Somehow, I don't think Harris got many letters from Franklin Graham, Pope Benedict or volunteers at the neighborhood crisis pregnancy center.

Calling all nutcakes. You're getting your moment in the sun to star as representatives of 2,000 years of Christendom. Make the most of it, and get your invective-filled missive to Sam Harris right away. He might include it in his next book.

By the way, if you buy Harris's diatribe right now, you can get an Amazon.com discount on Barry Lynn's “Piety & Politics: The Right-Wing Assault on Religious Freedom” (Harmony), released in—surprise—October. Amazon knows who's going for this stuff, and it's not the folks down at the Knights of Columbus Hall or the bowling alley.

To see an example of the type of reader Amazon is shooting for, read this review of Harris's book posted on Amazon: “'I can't sign my name to this blurb. As a New York Times best selling author of books about business, my career will evaporate if I endorse a book that challenges the deeply held superstitions and bigotry of the masses. That's exactly why you should (no, you must) read this angry and honest book right away. As long as science and rational thought are under attack by the misguided yet pious majority, our nation is in jeopardy. I'm scared. You should be too. Please buy two, one for you and one for a friend you care about.” —Unsigned.”

The anti-faith barrage continued after the election, when Time magazine's November 13 cover featured the false dichotomy headline “God vs.
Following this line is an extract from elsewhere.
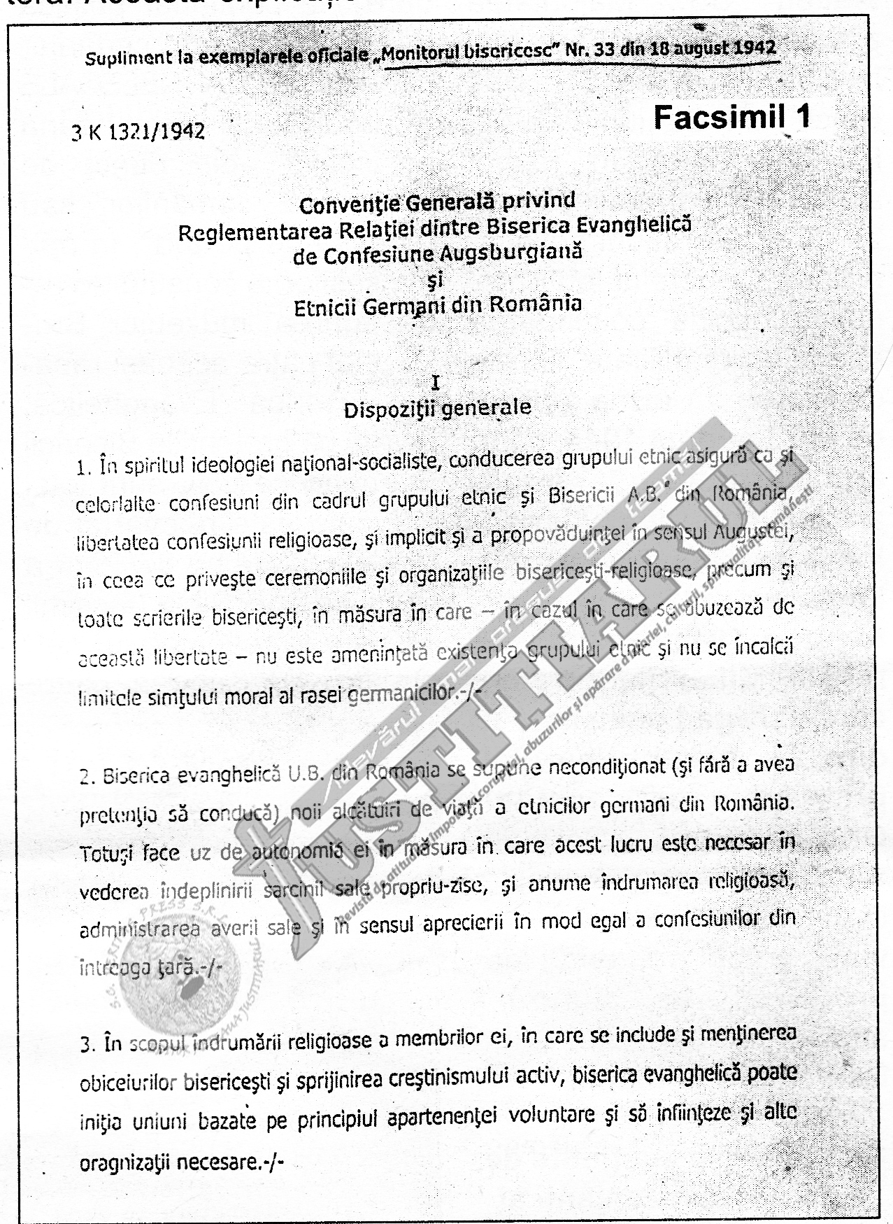 Nu s-a preluat nimic discreționar de către Grupul Etnic German de la Biserica Evanghelică, prin forță, cum încearcă să acrediteze ideea liderii FDGR-ului și ai bisericii evanghelice săsești, ca dovadă: Convenţia Generală din 11 august 1942 privind Reglementarea Relaţiei dintre Biserica Evanghelică de Confesiune Augsburgiană şi Etnicii Germani din România, pe care o prezentăm în facsimilele de mai jos. (Click pe documente pentru mărire!)

Science,” as if everyone assumes that belief in God is incompatible with scientific inquiry. That notion would be news to Isaac Newton and Albert Einstein, among many others. Fortunately, the exchange inside between Dawkins and Christian scientist Francis Collins, director of the National Human Genome Institute, provides a more balanced look at competing worldviews.

The publishing assault on God and the so-called religious right is just beginning. With blood in the water following the Democrats' takeover of Congress, books that assail faith and blame conservative Christians for everything from acne to AIDS are likely to keep rolling off the presses.